Outside of his videos, Geronimo also works closely with Diné Pride, an organization founded with the aim of providing resources for indigenous LGBTQ + people and showing that “we are still here as indigenous queer people”. “Diné Pride is an organization based here on the Navajo people’s reservation and we are coordinating [events] for our own queer indigenous people who identify as two-spirit, gay, lesbian, straight, etc., and we offer them science and voice support, “he said.

@ geronimo.warrior

For those who asked, here is my September outfit. 🖤

♬ Original sound – Sarah

As the youth leader of Diné Pride, Geronimo tries to offer indigenous members of the LGBTQ + community a safe space. “There are a lot of cultural misunderstandings that lead to overall misrepresentation in the LGBT community,” he said. “There is so much systemic racism, discrimination and homophobia that is being whipped [out] on people of color who identify as queer. So I’m a part of this organization to fight this situation and say, ‘No, we’re going to be here. We take a seat. ‘”

“I really hope people understand us [as Indigenous people] are no longer just here to exist. ”

By creating this space for Indigenous and LGBTQ + people, Geronimo also hopes that people of color will get the recognition they deserve for their contribution to the fashion industry. “Most of the time they are people of color [thrown] under the bus about what they create and what they give to the fashion industry, “he said.” The fashion industry likes to take elements [of their designs] and claim them as what they created. But many of them are appropriated or adopted or sometimes influenced by drag, people of color, indigenous peoples. “In the future, he hopes to see more indigenous and LGBTQ + fashion designers in the media and get the spotlight they deserve.

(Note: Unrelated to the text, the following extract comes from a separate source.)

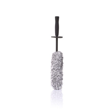 Długość całkowita wynosząca 38 cm sprawia, że jest to idealne narzędzie do czyszczenia mniejszych felg, skomplikowanych wzorów szprych, ciasnych wnęk oraz motocykli. Gęste mikrowłókna charakteryzują się wysoką gramaturą, dzięki czemu szczotka doskonale chłonie wodę z szamponem, zapewniając niezbędny poślizg podczas mycia. Jest to kluczowe dla ochrony felg lakierowanych na wysoki połysk (Gloss Black, Piano Black), chromowanych oraz polerowanych przed powstawaniem mikrozarysowań.
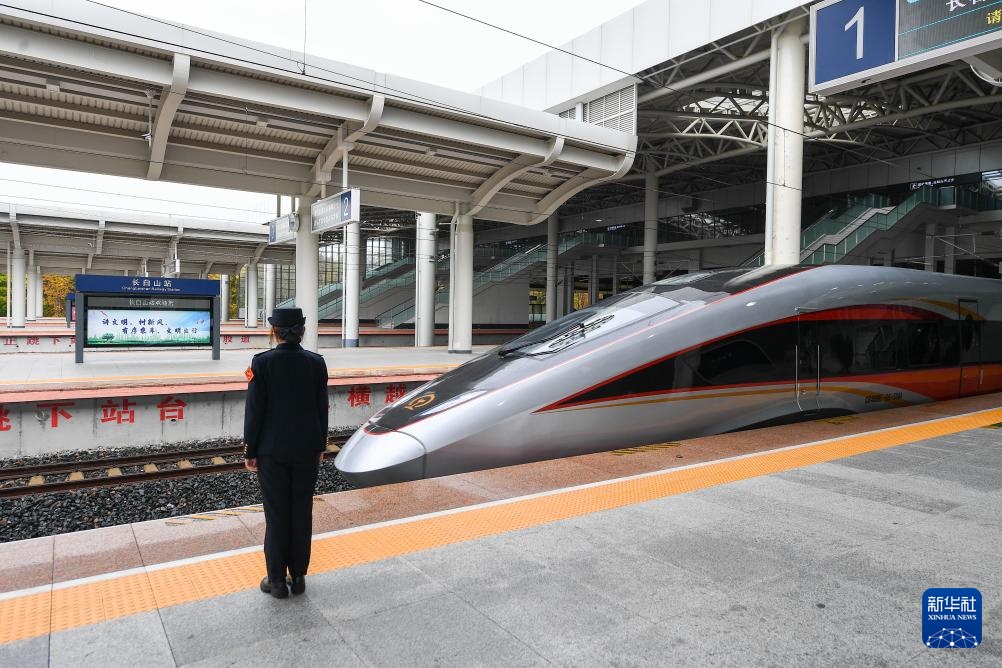 9月28日,从长白山站开往沈阳北站的G8166次列车驶入长白山站。

Some of his Personal favorite indigenous designers and brands include Winston Paul, Scott Wabano, Lauren Good Day, Jamie Okuma, Hashké, Lotus & Layne Lather Goods, and Antelope Women Designs.

Beyond TikTok, Geronimo hopes to expand its design portfolio to include pieces that non-indigenous people can wear and create sustainable outfits that will encourage other designers and brands to consider the negative impact of fashion on climate change. Geronimo added: “I really hope people understand that we are [as Indigenous people] are no longer just here to exist. I think it is often very difficult for people to understand that we are still here because there are people who grew up and found out that the genocide of indigenous peoples has started and ended. But in reality we are still here as individuals. . . We are here to actually begin and finish what our ancestors were here for, which is just living life and protecting Mother Earth. “

Check out some of Geronimo’s most impressive designs and most informative videos beforehand.